Mayor Gangemi said the NSW Government’s reforms must be tailored to each community.

“A one-size-fits-all answer to housing will not work – each council and community needs to be empowered to tailor solutions that work for their area,” he said.

“Otherwise, we risk damaging the family-friendly character of The Hills and reduce the community satisfaction levels this Council has worked hard to achieve.”

Council will now submit in writing its reasons for requesting an exemption from the NSW Government’s low- and mid-rise housing reforms.

What areas will be affected by the proposed changes?
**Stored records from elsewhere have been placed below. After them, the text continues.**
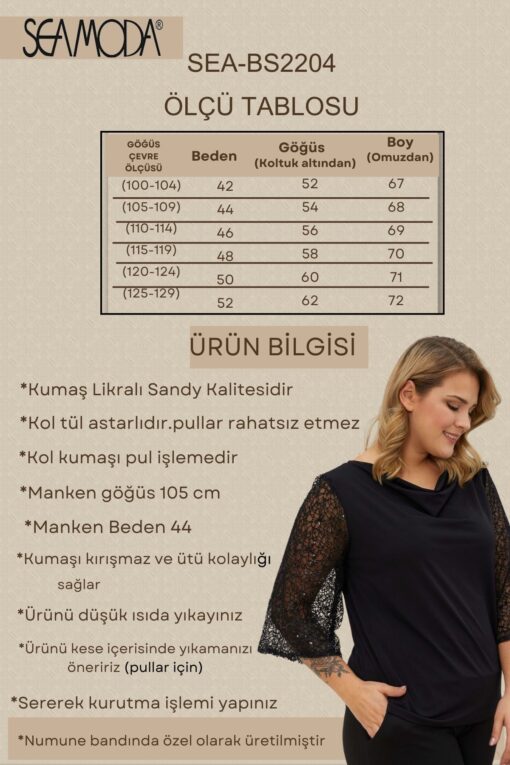 Seamoda Büyük Beden Degaje Yaka Kolu Pul Işlemeli Abiye Bluz-siyah en ucuz fiyata kozmetikara.com sitemizden sipariş verebilirsiniz.
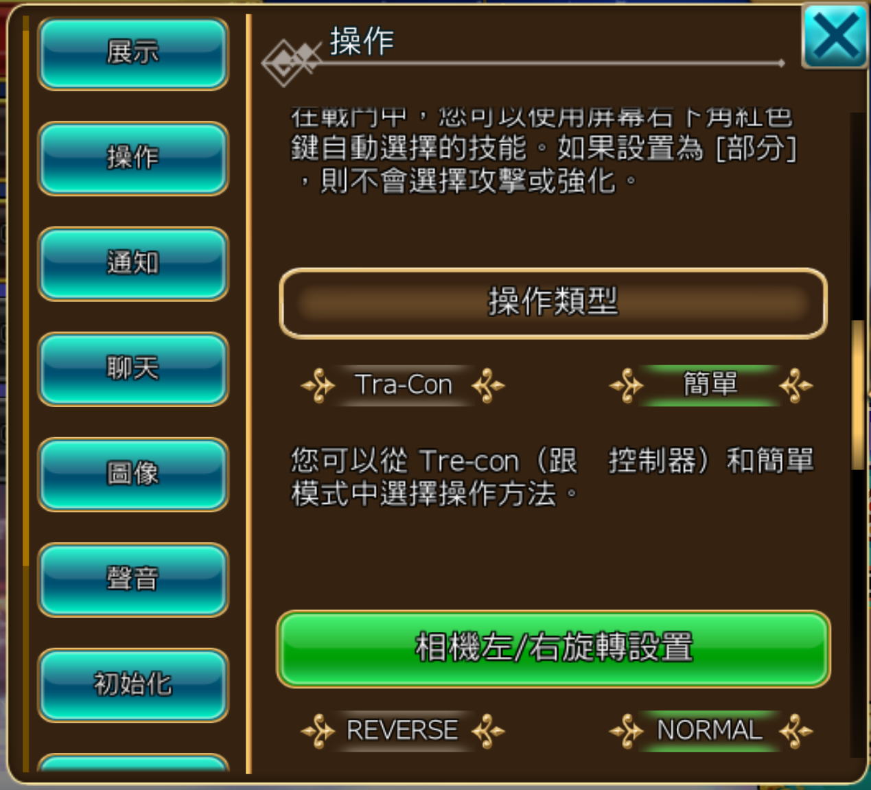 若您希望使用原本操作方式,請至「設定>操作>操作類型」中選擇「Tra-Con」模式。
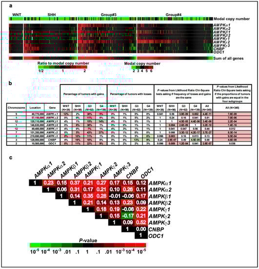 Frequent copy number gains for the AMPK, CNBP, and ODC1 genes in SHH and Group #3 medulloblastoma patients. (a) Estimated ratio of copy number to modal copy number for each tumor for 345 medulloblastomas, including 26 WNT, 98 SHH, 82 Group #3, and 139 Group #4 samples. Modal copy number estimates are shown in the first row and the rows for individual genes show copy number estimates normalized to the modal copy number. The “sum of all genes” row was computed from the sum of the log-transformed ratios for the nine genes and was used to determine the sorting of samples in each group. (b) The percentage of tumors within each of the four subgroups with copy number gains [log2() > 0.4] or losses [log2() < −0.4]. Gains or losses in greater than 5% of the tumors in a given group are highlighted with red or green background, respectively. Similarly, p values < 0.01 are highlighted. (c) Analysis of the correlations of log-transformed normalized copy number estimates shows that positive correlations are frequent. Pearson correlations are shown as numbers in white, while their significance is indicated by the color of the background in each cell.
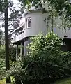 While traditional villas and cottages still dominated house production in the early 1930s, a few exclusive villas were built in the new Functionalist style, inspired by the showcases at the Stockholm International Exhibition 1930. One of the earliest examples is the villa architect Sven Markelius, one of the leader of the exhibition, had built for himself at Nockeby 1930–31. Its strict geometry, its bright plaster façades, and its elevated location with nature left untouched around the building makes it characteristic of villas in Bromma.[1]
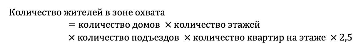 Хороший показатель для радиуса 300 метров — от 6000 человек и выше. Количество определяется исходя из 2,5 человек на квартиру:
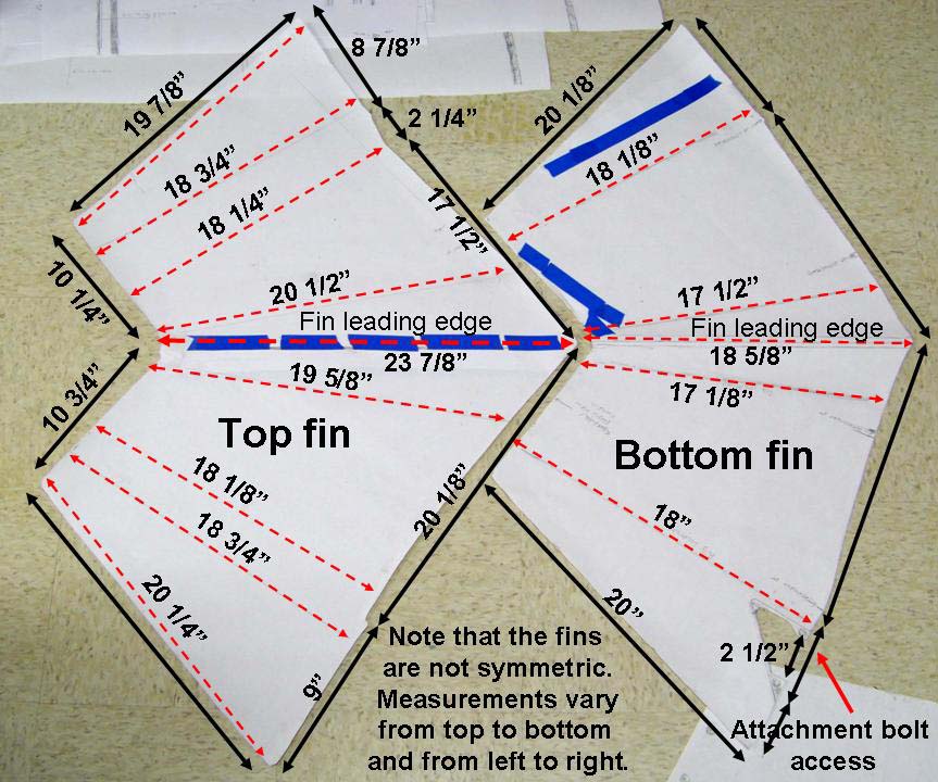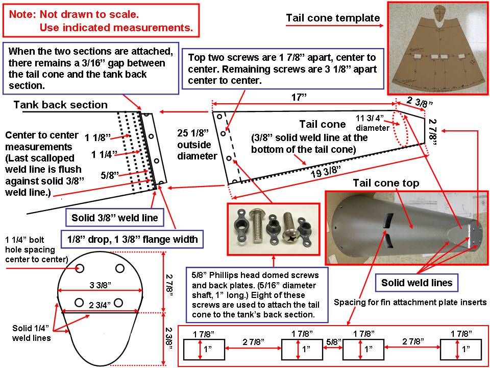 After all four tank fins passed our "quality control" check, I sanded the aluminum with an 800-grit paper to promote better adhesion of a self-etching primer. After spraying the self-etching primer on the surfaces, I sanded the primer lightly, then sprayed a gray primer-filler over that sanded surface. Next, the primer-filler was wet-sanded to produce a really smooth surface that would receive the color coats that would be applied later. Figure 2, cell 01 shows the primer-filler-coated fins. In the meantime, the tank tail cone was made to receive the fins. Cell 02 shows the paper tail cone tracing, the cardboard template, and the completed tail cone. Cell 03 shows the fins attached to the tail cone. (I painted those fins during the breaks in hardware production.)

For The Hills, the proposed changes will likely impact the following areas:

  • Areas within 800m walking distance of a Metro Station, and
  • Areas within 800m walking distance of land zoned E1 Local Centre or MU1 Mixed Use, but only if the zone contains a wide range of frequently needed goods and services such as supermarkets, shops and restaurants including areas such as Baulkham Hills Town Centre.

What type of housing is the NSW Government proposing will be built to generate more homes?

  • Low-rise housing which consists of 1-to-2-storey dual occupancy, multi-dwelling housing (such as terraces and townhouses) and manor houses, which are typically small two-storey apartment blocks, and
  • Mid-rise housing, which typically consists of 3-to-6 storey residential flat buildings or shop-top housing.